What of the Child? Besides, in free love arrangements, the mates are not the only parties to be considered. There is a party of the third part: the children, if any.

If a perfectly independent male decides to cohabit for an indefinite period of time with a perfectly independent female, the community can hardly interpose any objection. For after all, most of our ethical indignation at the thought of temporary unions is due to the miserly fear of the community lest a pregnant woman and fatherless children be thrown upon it for support. No one's rights would be trespassed upon by such arrangements, ephemeral as they might be. As they would not cost anyone any money they would be considered acceptable. When a self supporting Sarah Bernhardt or Isadora Duncan bears children out of wedlock and we run no risk of being taxed for the support of her "illegitimate" progeny, we assume more liberal views than we would should a stenographer or a switchboard operator commit the same "errors."

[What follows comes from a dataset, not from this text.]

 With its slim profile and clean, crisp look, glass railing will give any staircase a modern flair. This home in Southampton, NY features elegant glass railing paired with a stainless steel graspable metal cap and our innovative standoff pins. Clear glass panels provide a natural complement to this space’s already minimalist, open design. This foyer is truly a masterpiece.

When children are the outcome of any form of union, however, the psychoanalyst, broad as he may be, is compelled to remember the pitiful stories he has heard in his office. No neurotic ever had a pleasant childhood. No neurotic was the child of a father and mother united by real love and manifesting within the family circle the mutual tenderness which is the poetry or the music of the home.

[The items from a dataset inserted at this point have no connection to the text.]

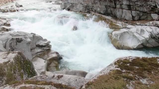 River in Banff | Rapid Flowing Water Framed by Forest & Mountains Range | Wide Shot
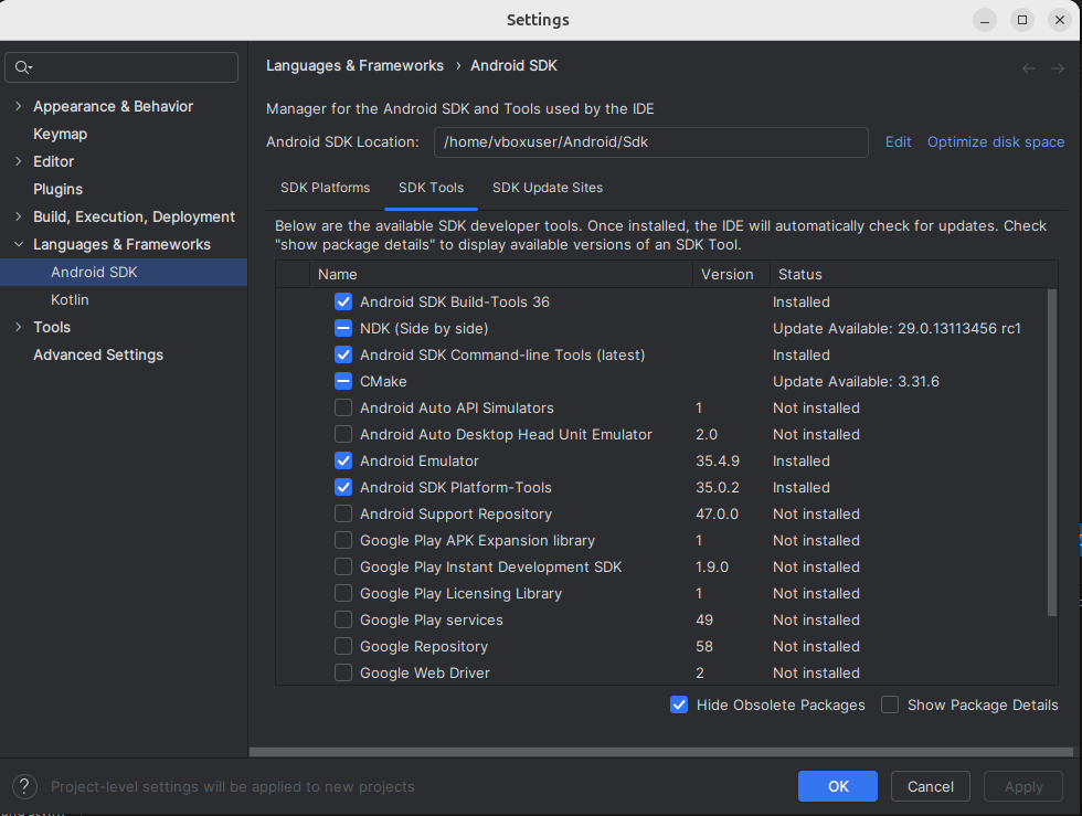 export ANDROID_HOME=/home/vboxuser/Android/Sdk/
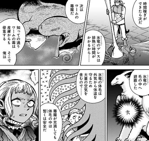 逆にレッドドラゴンのブレスは絶対に避けたかったので、ケン助をレッドドラゴンの逆鱗に投げつけてレッドドラゴンの気を引いてブレスを避けたようです。そしてワームの毒霧はホワイトドラゴンの毛の中へ避難することで、ライオスは毒霧をやり過ごしていました。

Disharmony Between the Parents, culminating in divorce or desertion, has wrecked the future of thousands of children. Not every unhappy home has produced neurotics, but, every neurotic is the product of undesirable home conditions.

Furthermore, it seems as tho a child in order to reach normal adulthood should be brought up by both a male and female. Many male homosexuals I have observed were brought up by a widowed mother or a woman abandoned by her husband or lover. In other cases, impotence or frigidity affected respectively boys and girls who had lost the parent of the same sex. Many other disturbances of the mental life, due to incompleteness of the parental environment or to its imperfection, could be mentioned if the limits of this book would permit.

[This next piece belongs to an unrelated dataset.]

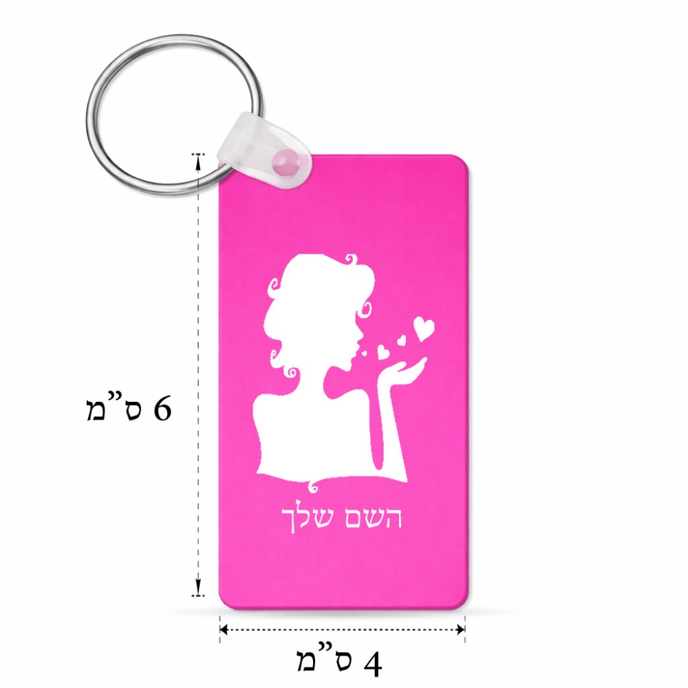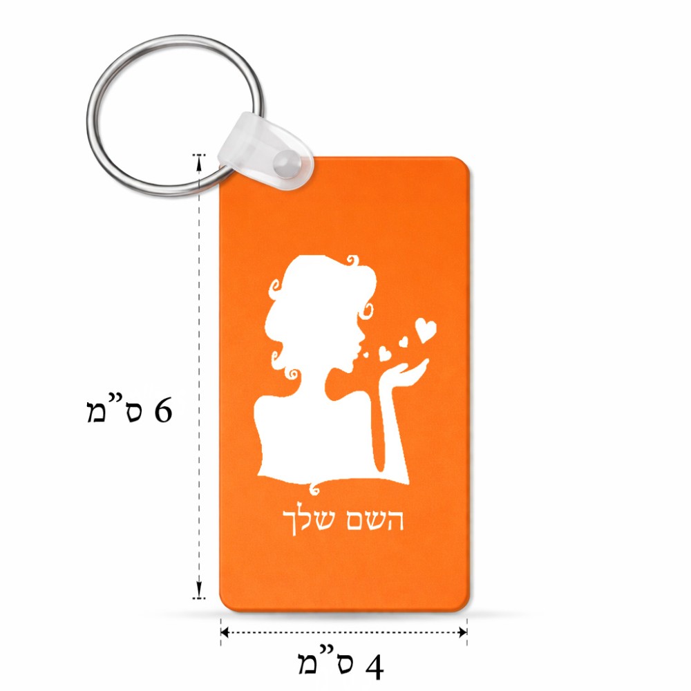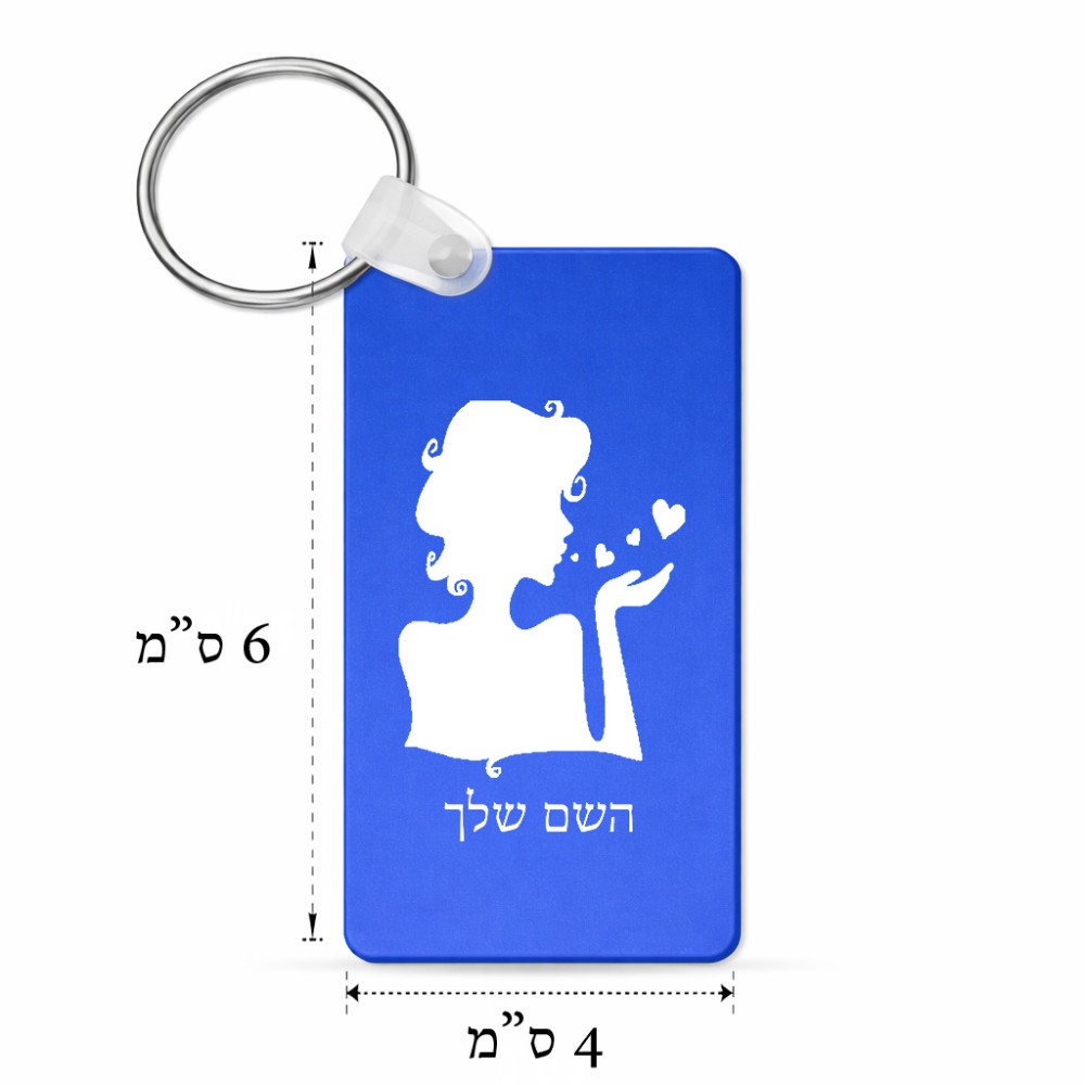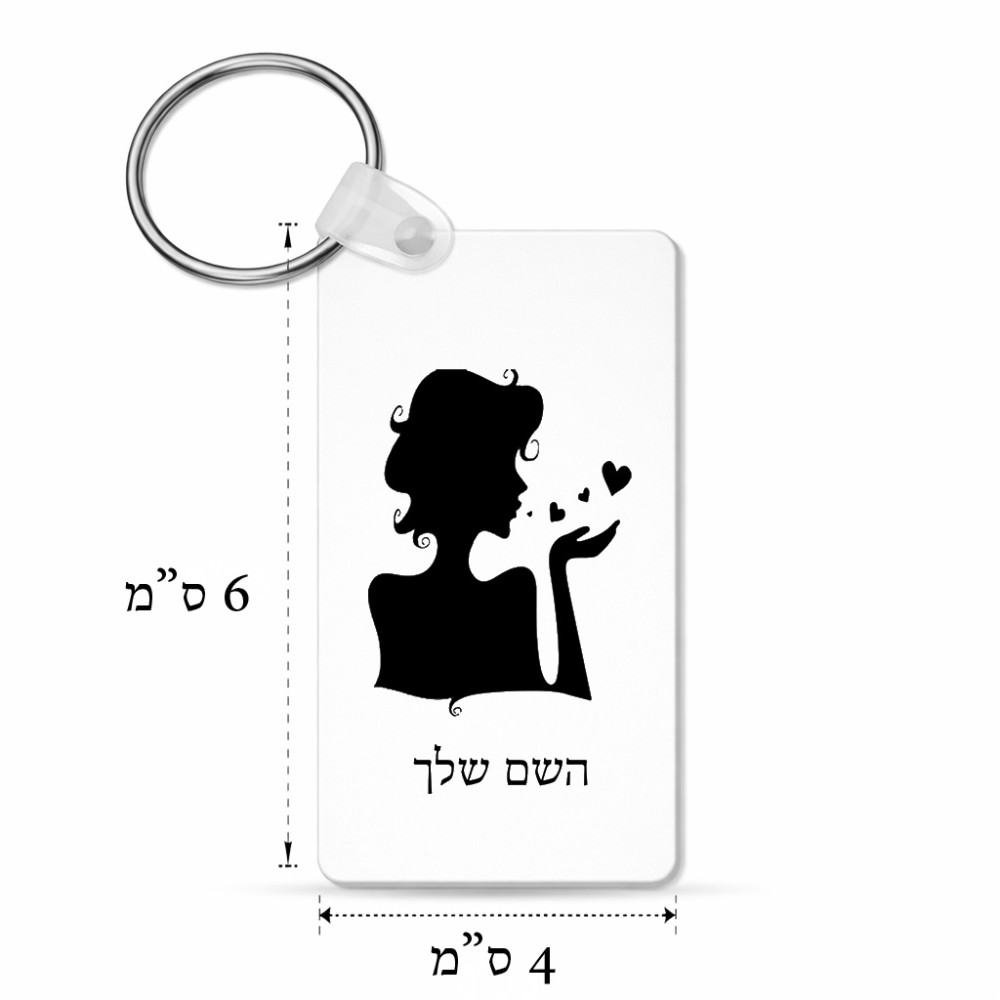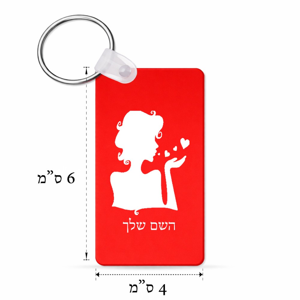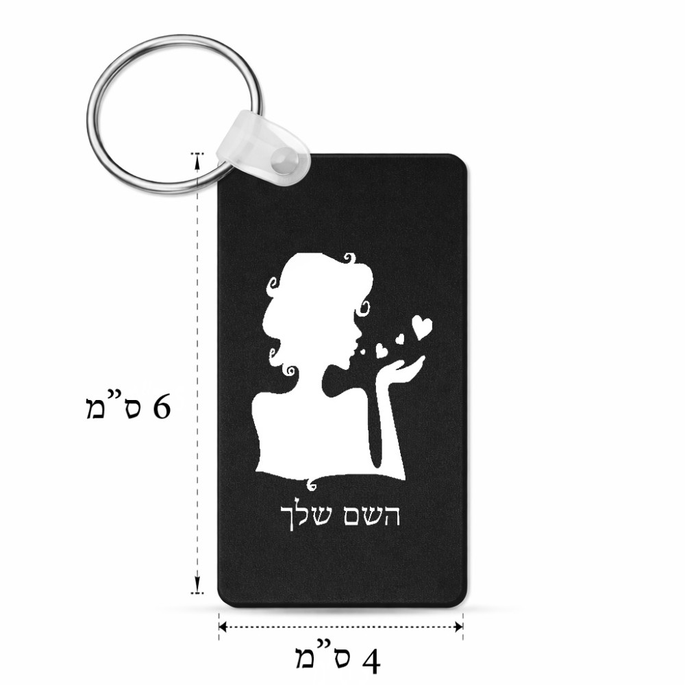 מחזיק מפתחות בצורת מלבן בעיצוב אישי עם השם שלך בעיצוב אהבת נשים גודל המחזיק 6 × 4 ס"מ. את השם המבוקש ניתן לציין בהזמנה, אם לא צויין אנחנו ניצור קשר לבירור.

From the point of view of psychiatry, there is only one answer to be given to the question if free love is acceptable. Free love must be supplemented by birth control. Those free lovers who decide to procreate children must also agree to live together until the youngest of their offspring has reached at least its fifteenth year.

Creating children with the intention of turning them over to some charitable institution is also a proposition which to a student of mental disturbances appears just short of criminal.

The Institution Child. Few children thrive well mentally or physically under institutional treatment.